Source material:
----------------------------------------
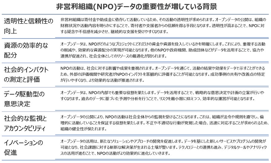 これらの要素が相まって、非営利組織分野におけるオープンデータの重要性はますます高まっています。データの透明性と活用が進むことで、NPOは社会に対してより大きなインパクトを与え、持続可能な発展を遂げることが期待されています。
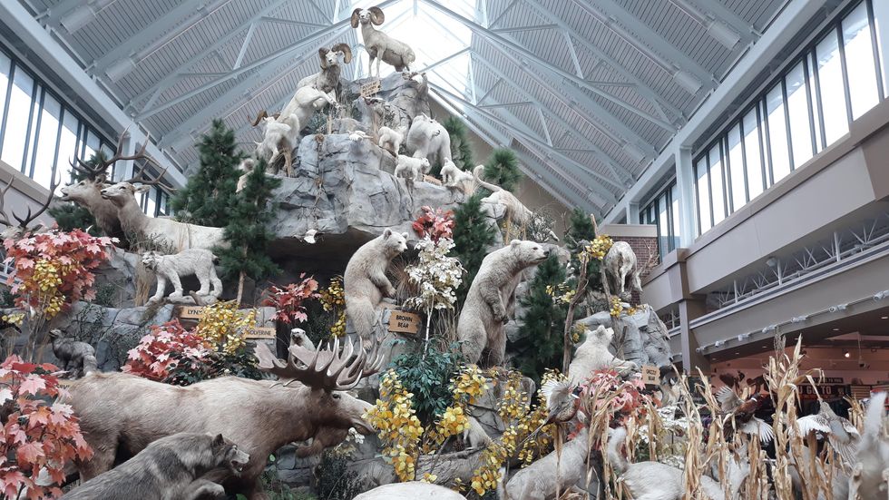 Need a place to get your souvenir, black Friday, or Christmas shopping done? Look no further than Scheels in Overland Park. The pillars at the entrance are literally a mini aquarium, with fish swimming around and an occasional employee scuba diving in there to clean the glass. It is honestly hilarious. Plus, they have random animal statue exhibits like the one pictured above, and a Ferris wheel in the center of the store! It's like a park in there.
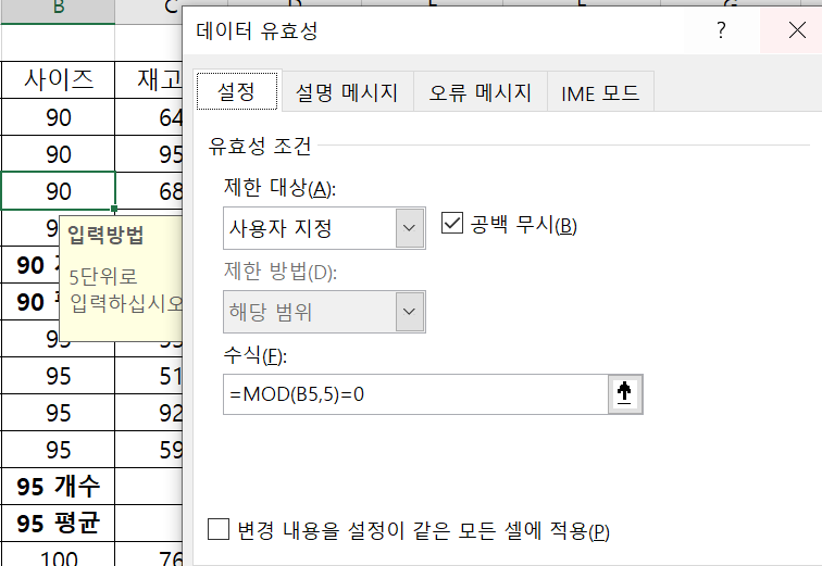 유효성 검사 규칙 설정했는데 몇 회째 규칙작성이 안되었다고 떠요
----------------------------------------
With the pictures removed, return the full listing exactly as given.

Response:
 これらの要素が相まって、非営利組織分野におけるオープンデータの重要性はますます高まっています。データの透明性と活用が進むことで、NPOは社会に対してより大きなインパクトを与え、持続可能な発展を遂げることが期待されています。
 Need a place to get your souvenir, black Friday, or Christmas shopping done? Look no further than Scheels in Overland Park. The pillars at the entrance are literally a mini aquarium, with fish swimming around and an occasional employee scuba diving in there to clean the glass. It is honestly hilarious. Plus, they have random animal statue exhibits like the one pictured above, and a Ferris wheel in the center of the store! It's like a park in there.
 유효성 검사 규칙 설정했는데 몇 회째 규칙작성이 안되었다고 떠요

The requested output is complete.